Mr Xu's comments to BT were made in conjunction with a launch ceremony held at its Chongqing outlet mall to unveil its "super outlet" concept.

Clad in Italian red bricks, the Chongqing outlet built in 2008 stands out for its blend of Italian-inspired architecture and influence from the ancient city walls of Nanjing, eastern Sichuan houses and An Hui-style architecture.

Investors and developers are betting on the success of outlet malls, which typically offer off-season or factory excess goods priced at a discount to the in-season products sold by the same brands in department stores.

Steering away from hard numbers, Ravi Thakran, chairman and managing partner of L Catterton Asia, said that he expects to generate "superlative returns" from the investment in Sasseur given the growth in existing outlet malls and the ramp up of new ones.

As a proactive partner in developing its portfolio companies, L Catterton - the merged entity of LVMH's private equity and real estate arms and US private equity firm Catterton - has made a total of 26 investments from its Asian funds into brands from Australia to China.

Mr Ravi noted that what sets Sasseur apart from other operators besides its strong ties with local and international brands is the unique blend of art and commerce to address the aspirations of the new China.

To him, outlet malls not only fulfil Chinese consumers' demand for discounted concepts but also provide a channel for brands to alleviate pressures from inventory build-up.

The size of each new mall is about 300,000 sq m on average and they provide anything between 40 and 90 per cent discounts throughout the whole year. 

While high-street retail is sensitive to the economic cycle and susceptible to competition from online shopping, discounted luxury retail is seen as more defensive.

"The company's core strategy is not competing in providing the highest discounts possible, but establishing its own unique business mode incorporating attractive lifestyle elements," Mr Xu said.

Started off as an art-inspired coffeeshop in 1989, the Sasseur brand cracked the clothing industry from 1992. In 2008, the group entered the outlet business and clocked a turnover of 450 million yuan (S$92 million) in the first year. Its revenue in 2015 was over five billion yuan and is expected to hit 6.5 billion yuan this year. Sasseur has become the largest outlets chain brand in Asia, with more than five million VIP members.

"Already, China has 300 million middle-class, and this number can only rise, making the outlets business model ever more competitive compared to regular high street retail," Mr Xu said.
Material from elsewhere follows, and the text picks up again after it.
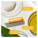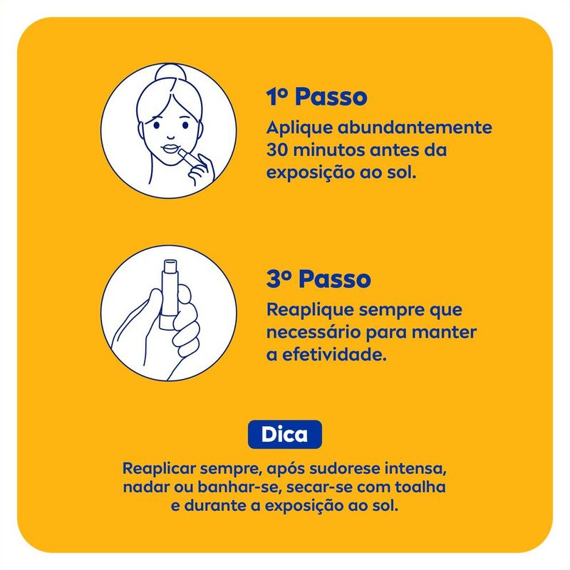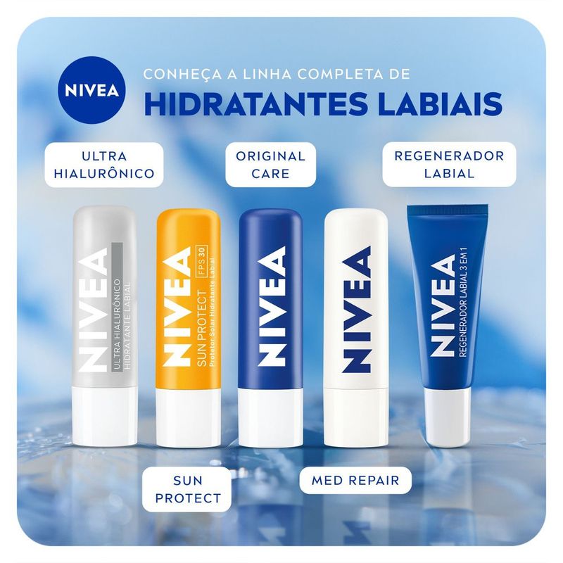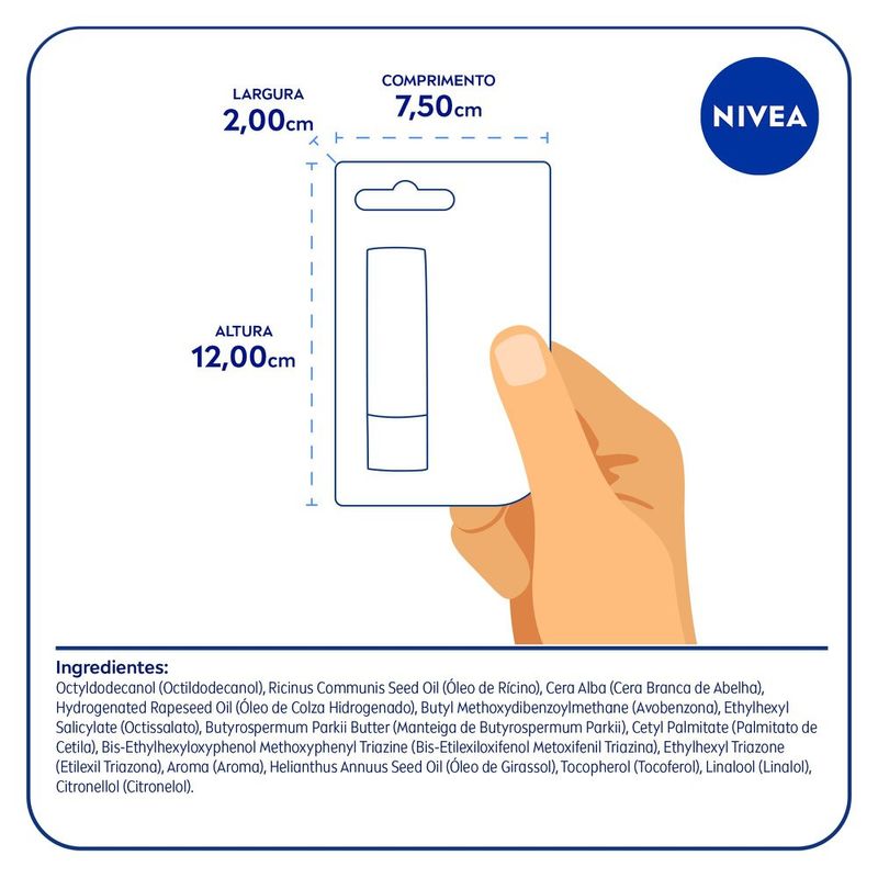 NIVEA Protetor Solar Hidratante Labial Sun Protect FPS 30: Proteção e Hidratação para Seus Lábios O que é? O NIVEA Protetor Solar Hidratante Labial Sun Protect FPS 30 é o aliado ideal para manter seus lábios hidratados e protegidos dos danos solares. Com sua fórmula avançada, oferece proteção eficaz e prolongada, garantindo que seu sorriso esteja sempre saudável e protegido. Para que serve? Este protetor labial com FPS 30 proporciona uma barreira confiável contra os raios UVA e UVB, oferecendo até 24 horas de proteção. Além de hidratar profundamente, ele é formulado com óleos naturais de abacate e jojoba, que nutrem seus lábios e melhoram sua saúde a cada aplicação. Sua aplicação é prática e pode ser feita sem a necessidade de espelho, e sua embalagem reciclável reforça o compromisso com o meio ambiente. Benefícios e diferenciais: Proteção Solar Avançada: Com FPS 30, protege contra os raios UVA e UVB.Ingredientes Naturais: Enriquecido com óleos de abacate e jojoba.Hidratação Intensa: Evita o ressecamento e mantém os lábios macios.Praticidade: Aplicação fácil e uniforme, sem necessidade de espelho.Sustentabilidade: Embalagem reciclável para um impacto ambiental reduzido. Modo de Uso: Aplique o protetor diretamente sobre os lábios.Reaplique sempre que necessário para manter a proteção.Descarte a embalagem corretamente para reciclagem. Ingredientes: Cera Microcristalina, Octyldodecanol, Cetyl Palmitate, Óleo de Semente de Ricinus Communis, Homosalate, Octocrylene, Butyl Methoxydibenzoylmethane, Ethylhexyl Salicylate, Polydecene Hidrogenado, Myristyl Myristate, Cetearyl Alcohol, Bis-Diglyceryl Polyacyladipate-2, C20-40 Alkyl Stearate, Cera de Copernicia Cerifera, Manteiga de Karité, Extrato de Semente de Girassol, Cera Alba, Glucosídeo de Glicerina, Água, Propileno Glicol, Glicerina, Limoneno, Linalool, Álcool Benzílico, Benzoato de Benzila, Citral, Perfume, CI 77891, CI 77492. Precauções: Uso externo. Este produto não substitui a proteção completa contra insolação. Suspenda o uso em caso de irritação e consulte um médico. Armazene em local seco, arejado e fora do alcance de crianças. Mantenha fora da exposição direta ao sol. Dermatologicamente testado.

Among its current operating assets, Chongqing West Outlets is the flagship outlet mall with an annual turnover of two billion yuan. Despite being a mature asset, the mall can still achieve a 10 per cent annual growth rate. Among newer portfolio assets, the Nanjing mall clocked sales of 800 million yuan in the first year since opening and the Hefei mall racked up 700 million yuan.

China still lags behind the US and Europe, where there are 220 and 157 outlet malls based on CBRE's estimates. A 2015 report by CBRE estimated that there were 38 prime outlets in the 17 major cities, with a total stock of 3.2 million sq m. But nearly half of the developers of outlets in China are domestic companies with relatively little outlet operation experience and relatively scarce brand resources.

At least 17 new outlet malls are scheduled to open in China in the second half of 2016, according to a report by Outlet Sight, which tracks the industry.

London-based TH Real Estate had in September partnered Gaw Capital in launching China Outlet Mall Fund, which was seeded with two existing Italian village-themed outlet malls in Tianjin and Shanghai worth US$850 million.

The fund's Florentia Village in Shanghai is 92 per cent occupied while Florentia Village Wuqing is fully let; three more Florentia Village malls are slated to open in Chengdu, Wuhan, and Hong Kong by 2017. And the portfolio for China Outlet Mall Fund is targeted to hit US$2 billion by 2020.

Amendment Note:In the original story, we mentioned that Warburg Pincus has invested in the Sasseur Group. The group has since followed up with BT that Warburg Pincus has exited the investment. A group error in the amount of discounts offered in the outlet malls has been corrected.